What you will do - Using the entries below, copy exactly each line from the line with "2.1.3铺装参数对钢板-U肋焊缝处应力的影响" up to and including the line with "2 комн. квартира", with every picture left out.

The data -
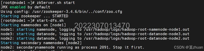| node1 | Jps, QuorumPeerMain, ResourcesManager, Namenode |
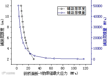 2.1.3铺装参数对钢板-U肋焊缝处应力的影响
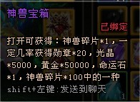 1、神兽宝箱开出物品均为绑定;
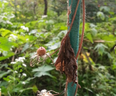 나팔꽃은 생을 마감한 모습 그대로 노끈에 매달려 있었어.
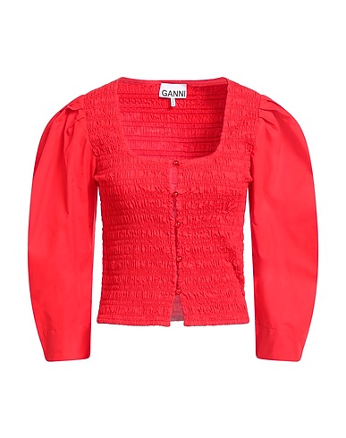 shirt, woven, solid color, gathered, v-neck, 3/4 length sleeves, puffed sleeves, button fastenings, machine wash, do not bleach, do not tumble dry
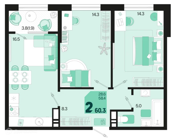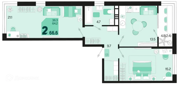 2 комн. квартира в Краснодаре в ипотеку от 66 183 руб/месяц
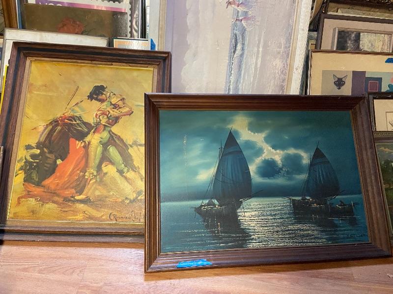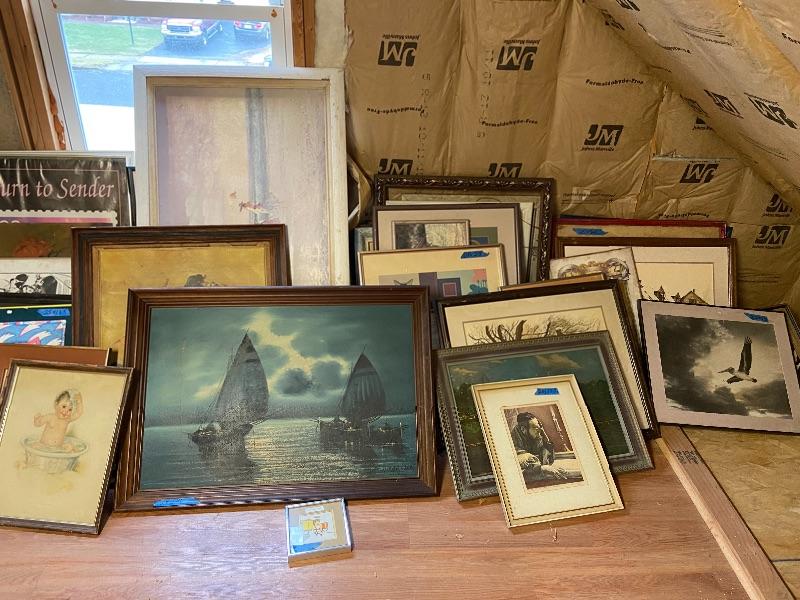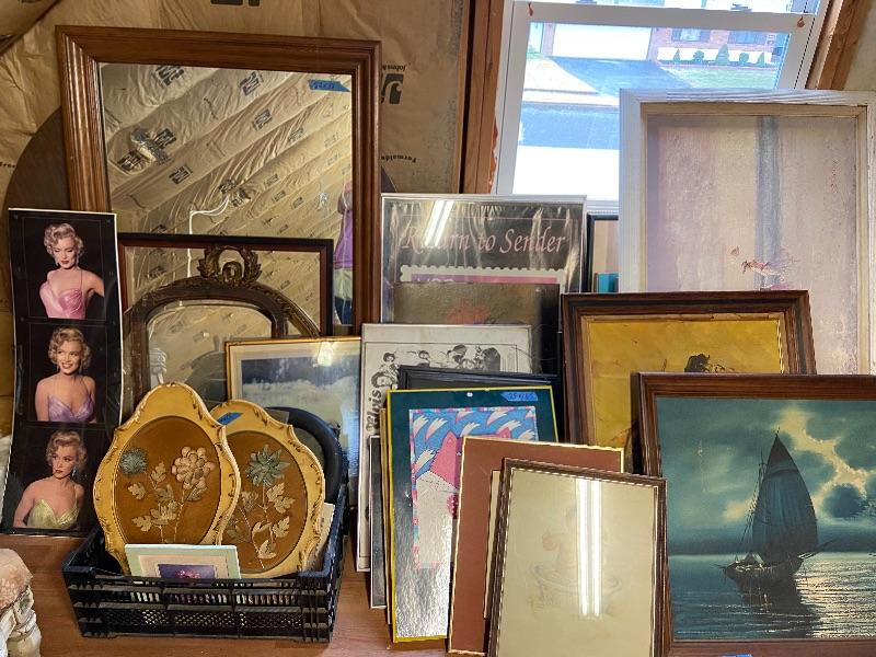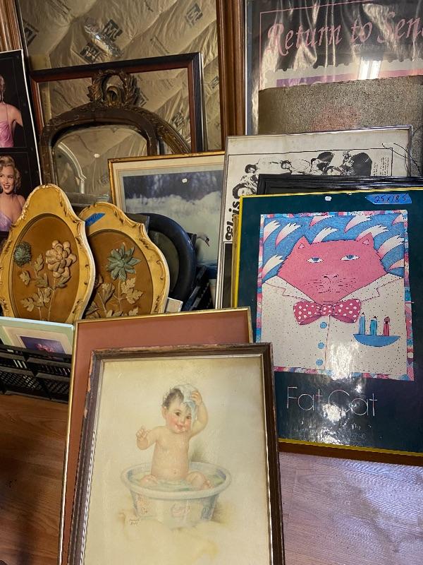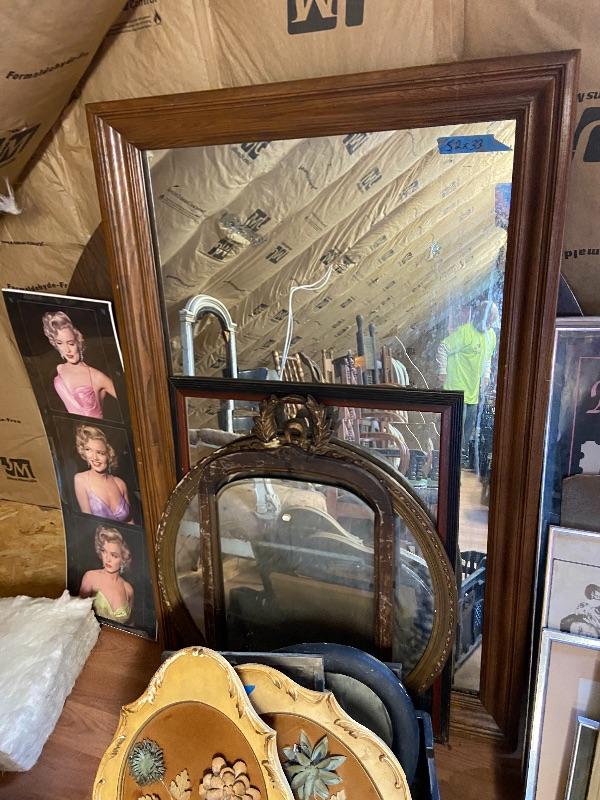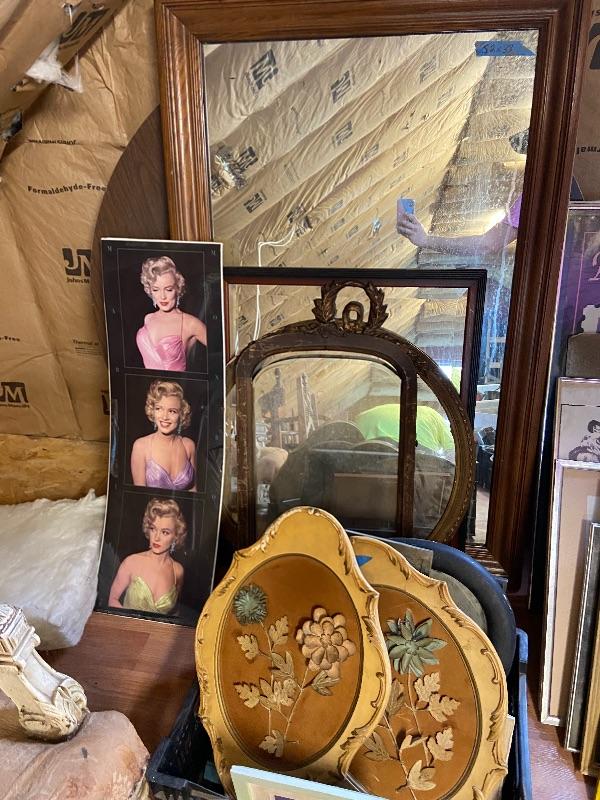 Vintage mirrors, from floor size to small wall mirrors, framed prints, signed original paintings, and vintage frames,
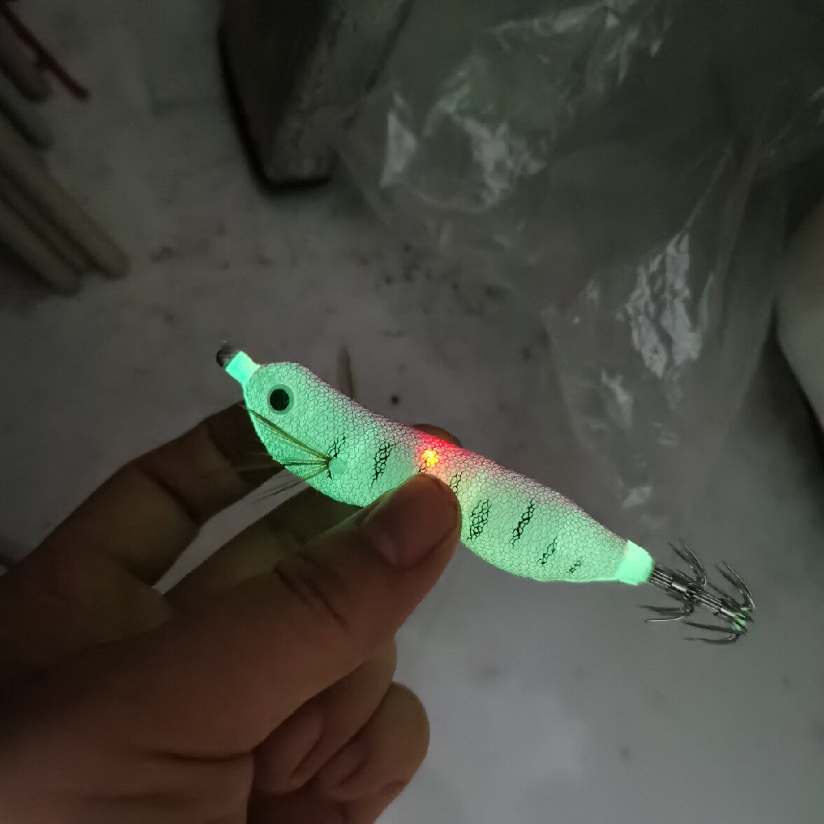 Электронный крюк с кальмаром из деревянных креветков, восемь -коры в воду, свет, светлый цвет, легкий рыб
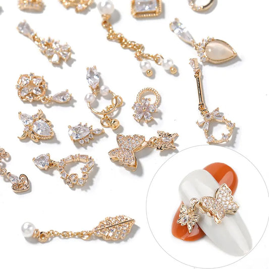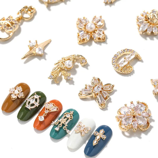 金属とダイヤモンドのペンダント,3D,高品質の装飾,マニキュアチャーム,30セット
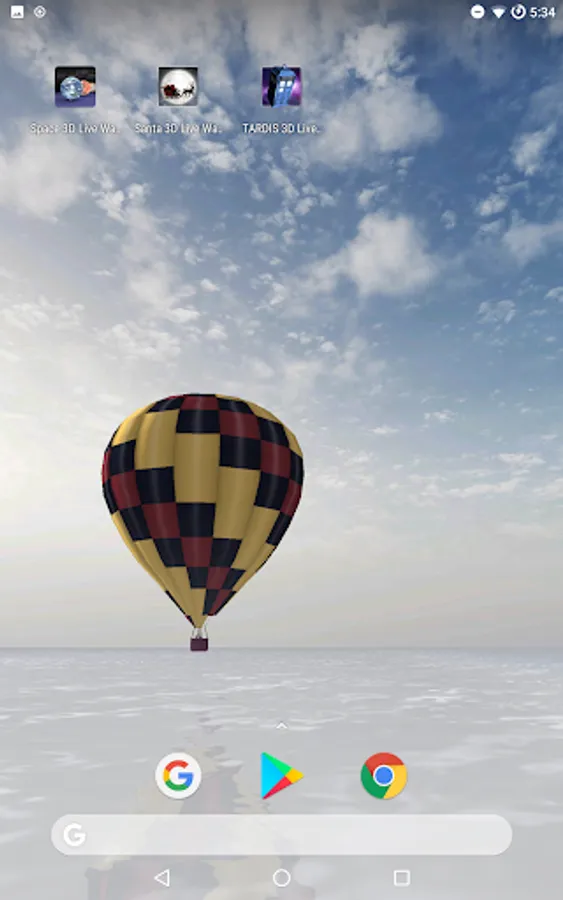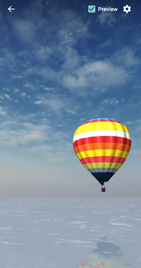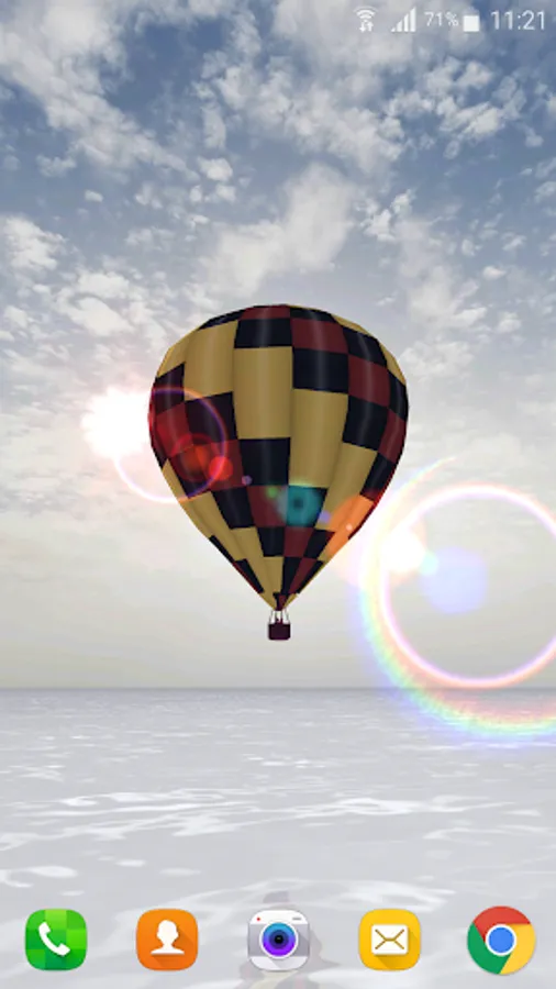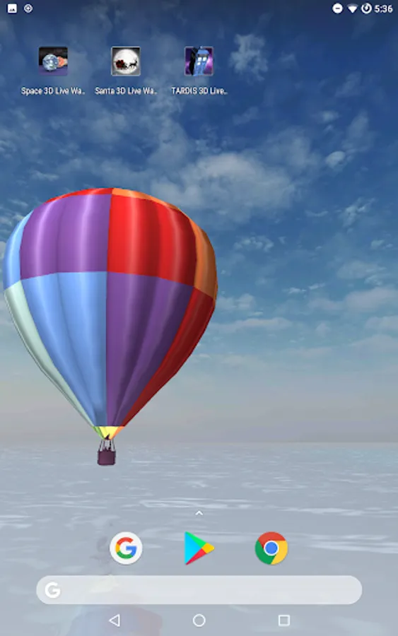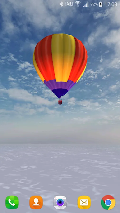 Change your wallpaper into a fully animated 3D hot air balloon. Travel over the calm seas and enjoy the peaceful hot air balloon as your phone or tablet's realistically rendered background.

Task solution -
 2.1.3铺装参数对钢板-U肋焊缝处应力的影响
 1、神兽宝箱开出物品均为绑定;
 나팔꽃은 생을 마감한 모습 그대로 노끈에 매달려 있었어.
 shirt, woven, solid color, gathered, v-neck, 3/4 length sleeves, puffed sleeves, button fastenings, machine wash, do not bleach, do not tumble dry
 2 комн. квартира в Краснодаре в ипотеку от 66 183 руб/месяц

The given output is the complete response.